#### [TASK GOAL]
An exact copy of the entries below is needed, with every picture left out.

Top of RECORD EXCERPTS

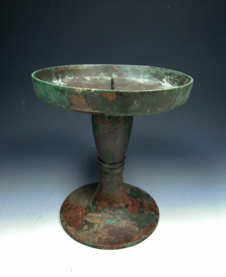 在商周时期的文献中,没有关于灯的文字资料,却有不少“烛”的记载。“烛”,并非蜡烛,实际上是一种火炬。这些火炬,用松、苇、竹、麻等材料做芯,外面用软植物纤维加以缠束,再浸以松脂或油脂做成。火炬燃烧起来既明亮又持久,移动也较方便。从照明意义上来说,比起火堆又进了一步。但严格来说,火炬不能称为灯具,只能说是灯具的原始形态。
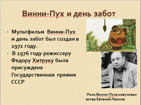 Оформить титульный слайд по образцу, поместив на него картинку из файла Винни1.jpg
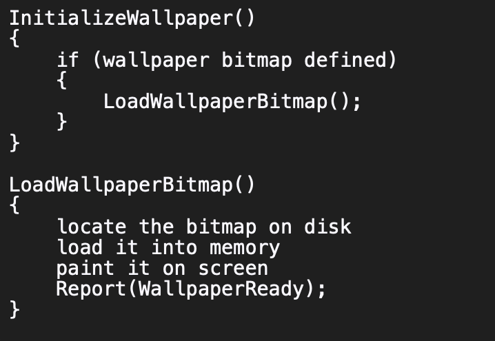 出问题的地方在于 Report (WallpaperReady) 调用放在 LoadWallpaperBitmap 函数中,当壁纸设置后,该代码才会回报“就绪”信号;如果用户使用的是纯色背景而不是壁纸,LoadWallpaperBitmap 代码将被完全跳过,这意味着 Report (WallpaperReady) 代码将不会回报“就绪”信号,系统只能苦等 30 秒后超时。
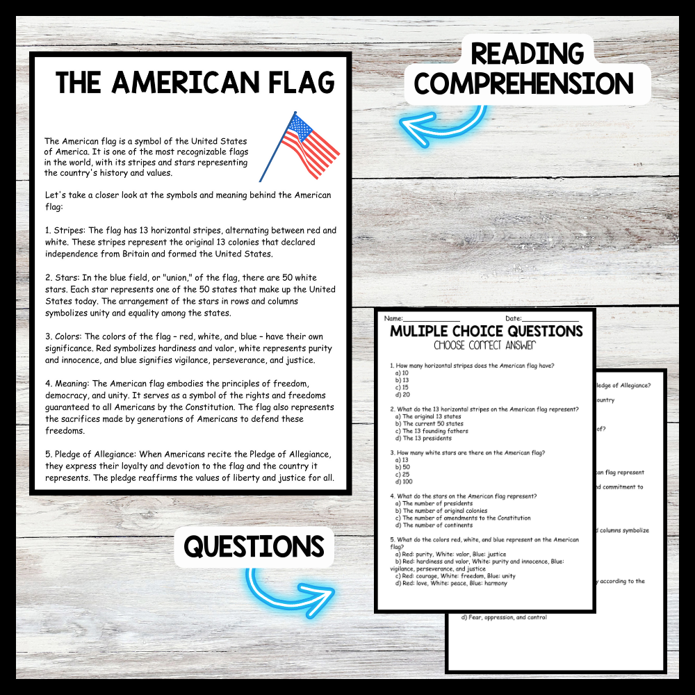 Flag Day - The American Flag Reading comprehension Passage and Questions
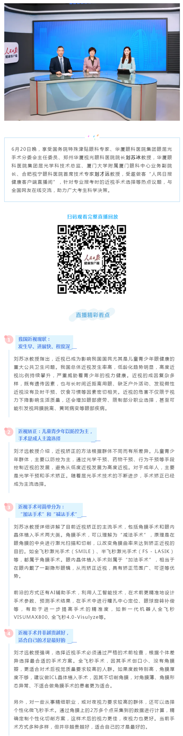 专业报考近视手术怎么选?太阳成tyc122cc专家通过人民健康专场直播为你解惑

Bottom of RECORD EXCERPTS

#### [SOLUTION BELOW]
 在商周时期的文献中,没有关于灯的文字资料,却有不少“烛”的记载。“烛”,并非蜡烛,实际上是一种火炬。这些火炬,用松、苇、竹、麻等材料做芯,外面用软植物纤维加以缠束,再浸以松脂或油脂做成。火炬燃烧起来既明亮又持久,移动也较方便。从照明意义上来说,比起火堆又进了一步。但严格来说,火炬不能称为灯具,只能说是灯具的原始形态。
 Оформить титульный слайд по образцу, поместив на него картинку из файла Винни1.jpg
 出问题的地方在于 Report (WallpaperReady) 调用放在 LoadWallpaperBitmap 函数中,当壁纸设置后,该代码才会回报“就绪”信号;如果用户使用的是纯色背景而不是壁纸,LoadWallpaperBitmap 代码将被完全跳过,这意味着 Report (WallpaperReady) 代码将不会回报“就绪”信号,系统只能苦等 30 秒后超时。
 Flag Day - The American Flag Reading comprehension Passage and Questions
 专业报考近视手术怎么选?太阳成tyc122cc专家通过人民健康专场直播为你解惑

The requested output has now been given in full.